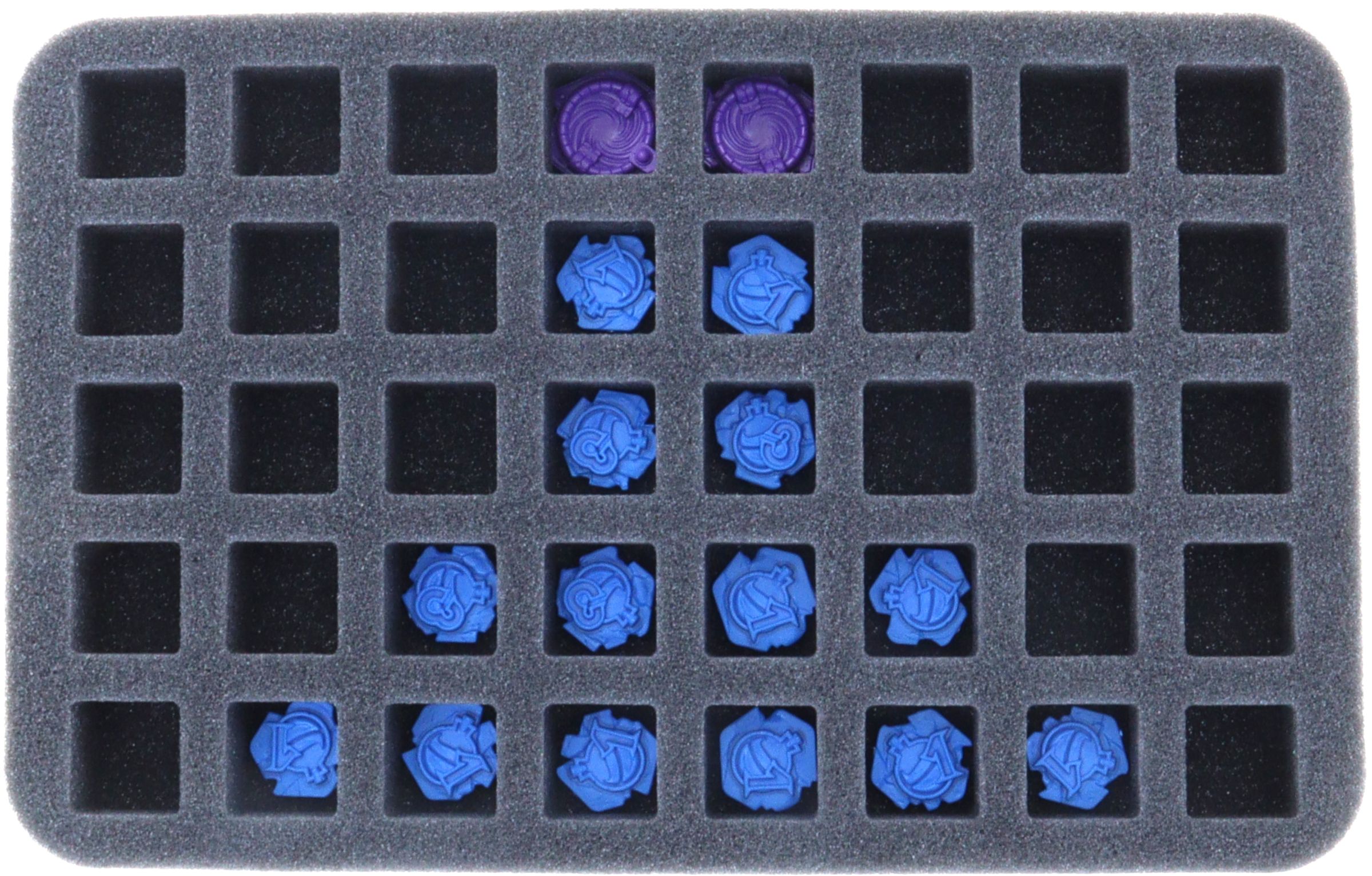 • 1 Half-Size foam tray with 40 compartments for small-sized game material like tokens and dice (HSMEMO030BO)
──────
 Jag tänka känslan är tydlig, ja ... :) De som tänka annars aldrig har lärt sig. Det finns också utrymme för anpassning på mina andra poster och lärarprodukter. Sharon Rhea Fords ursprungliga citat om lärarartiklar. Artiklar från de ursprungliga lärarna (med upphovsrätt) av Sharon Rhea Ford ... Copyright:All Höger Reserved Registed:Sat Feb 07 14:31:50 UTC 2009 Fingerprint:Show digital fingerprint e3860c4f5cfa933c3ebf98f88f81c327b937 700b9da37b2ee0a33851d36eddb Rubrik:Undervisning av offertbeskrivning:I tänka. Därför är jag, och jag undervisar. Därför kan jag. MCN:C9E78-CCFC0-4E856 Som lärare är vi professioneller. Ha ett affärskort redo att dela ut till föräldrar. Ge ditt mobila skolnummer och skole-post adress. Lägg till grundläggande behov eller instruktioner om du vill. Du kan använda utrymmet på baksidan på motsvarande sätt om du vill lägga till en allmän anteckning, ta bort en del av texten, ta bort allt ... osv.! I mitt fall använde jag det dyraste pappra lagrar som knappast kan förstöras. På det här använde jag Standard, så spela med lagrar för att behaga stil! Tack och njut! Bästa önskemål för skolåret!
──────
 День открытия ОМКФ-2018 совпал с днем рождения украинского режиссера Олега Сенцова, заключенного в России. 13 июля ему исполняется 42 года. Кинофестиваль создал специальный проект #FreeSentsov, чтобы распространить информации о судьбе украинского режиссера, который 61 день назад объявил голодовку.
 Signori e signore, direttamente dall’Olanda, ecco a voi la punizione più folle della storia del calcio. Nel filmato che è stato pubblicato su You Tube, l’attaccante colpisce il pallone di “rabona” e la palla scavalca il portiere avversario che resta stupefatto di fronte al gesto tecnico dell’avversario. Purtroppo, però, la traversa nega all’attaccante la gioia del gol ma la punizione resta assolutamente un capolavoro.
──────
● Brief
After locating the line with "День открытия ОМКФ-2018" in the material above, return it and each line after it exactly, ending at the line with "Signori e signore, direttamente".

● Response to the exercise
 День открытия ОМКФ-2018 совпал с днем рождения украинского режиссера Олега Сенцова, заключенного в России. 13 июля ему исполняется 42 года. Кинофестиваль создал специальный проект #FreeSentsov, чтобы распространить информации о судьбе украинского режиссера, который 61 день назад объявил голодовку.
 Signori e signore, direttamente dall’Olanda, ecco a voi la punizione più folle della storia del calcio. Nel filmato che è stato pubblicato su You Tube, l’attaccante colpisce il pallone di “rabona” e la palla scavalca il portiere avversario che resta stupefatto di fronte al gesto tecnico dell’avversario. Purtroppo, però, la traversa nega all’attaccante la gioia del gol ma la punizione resta assolutamente un capolavoro.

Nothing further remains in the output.